This talk was given at a local TEDx event, produced independently of the TED Conferences. Dr Judy Tsui is Senior Advisor of Institute for New Economic Thinking. In her talk, she stressed the importance of allowing our children to make mistakes in the process of learning. Her talk covers her personal experience with setting her children free from the nest and the realization that in order for them to grow and realize their full potential we must allow them to make their own decisions and mistakes.
Presentation Slides is available at
Dr Tsui is Senior Advisor of Institute for New Economic Thinking among its Advisory Board members are 6 Nobel Laureates in Economics, Senior Advisor HKGreater China of Female Founders non-profit global initiative and Innovation Forum Student Body of Cambridge University, Chairman of Arbutus Capital Partners Limited and Director of Joy Sprouts, Inc.

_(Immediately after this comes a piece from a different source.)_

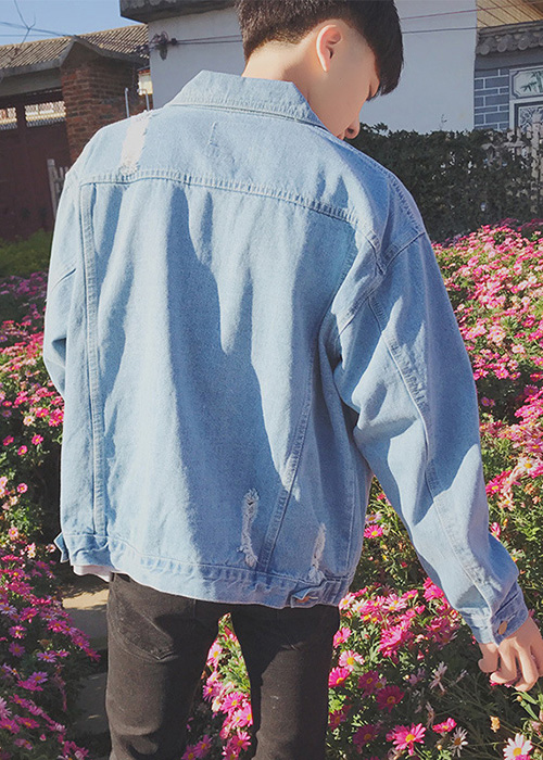 Quần jean nam ống rộng phối áo thun với áo khoác jean cho anh em thích phong cách Hàn Quốc

Dr Tsui is an Elected Member of the Election Committee for the Chief Executive of the Hong Kong SAR Government representing the Accounting Functional Constituency 2006 and 2012. She was Vice President International and Executive Education of The Hong Kong Polytechnic University 2010-2014 and Chair Professor of Accounting 2002-2014, Dean of Faculty of Business 2002-2010, Director of Graduate School of Business 2003-2011.
She is a Canadian Chartered Accountant and was the first to be awarded a PhD in Accounting in Hong Kong in 1994. Dr Tsui holds positions as Honorary Professor and Visiting Professor at several top universities in the Mainland. She has been appointed as a Visiting Scholar of the Sloan School of Management of the Massachusetts Institute of Technology MIT in the USA and is currently an Honorary Professor of the University of Warwick in the U.K. She was the first professor in Accounting who was awarded Cheung Kong Chair Professorship by the Ministry of Education in the Mainland 2005-2008.
Currently, Dr Tsui serves as a member of the Research Grants Council 2008-2014, and she served as a member of University Grants Committee 2008-2013, both appointed by the Hong Kong SAR Government. She has been appointed Member of Nominating Committee of International Federation of Accountants 2012-2015. Dr Tsui has been appointed Board Member of Hospital Authority by the Chief Executive of the Hong Kong SAR Government 2002-2004. She also served as a member of Hospital Governing Committee, Queen Mary Hospital Tsan Yuk Hospital 2004-2013, and was a member of Hong Kong West Cluster’s Tender Board of the Hospital Authority 2011-2013.
Dr Tsui served as an Independent Non-Executive Director of CLP Holdings Ltd. 2005-2014 and China Vanke Co. Ltd. in the Mainland 2005-2011 and as its Consultant 2011-2013.
About TEDx, x independently organized event In the spirit of ideas worth spreading, TEDx is a program of local, self-organized events that bring people together to share a TED-like experience. At a TEDx event, TEDTalks video and live speakers combine to spark deep discussion and connection in a small group. These local, self-organized events are branded TEDx, where x independently organized TED event. The TED Conference provides general guidance for the TEDx program, but individual TEDx events are self-organized.* *Subject to certain rules and regulations
I couldn't agree with you more!! As educators, our first job is to open the minds, not try to fill them with preconceived notions. There are two broad issues.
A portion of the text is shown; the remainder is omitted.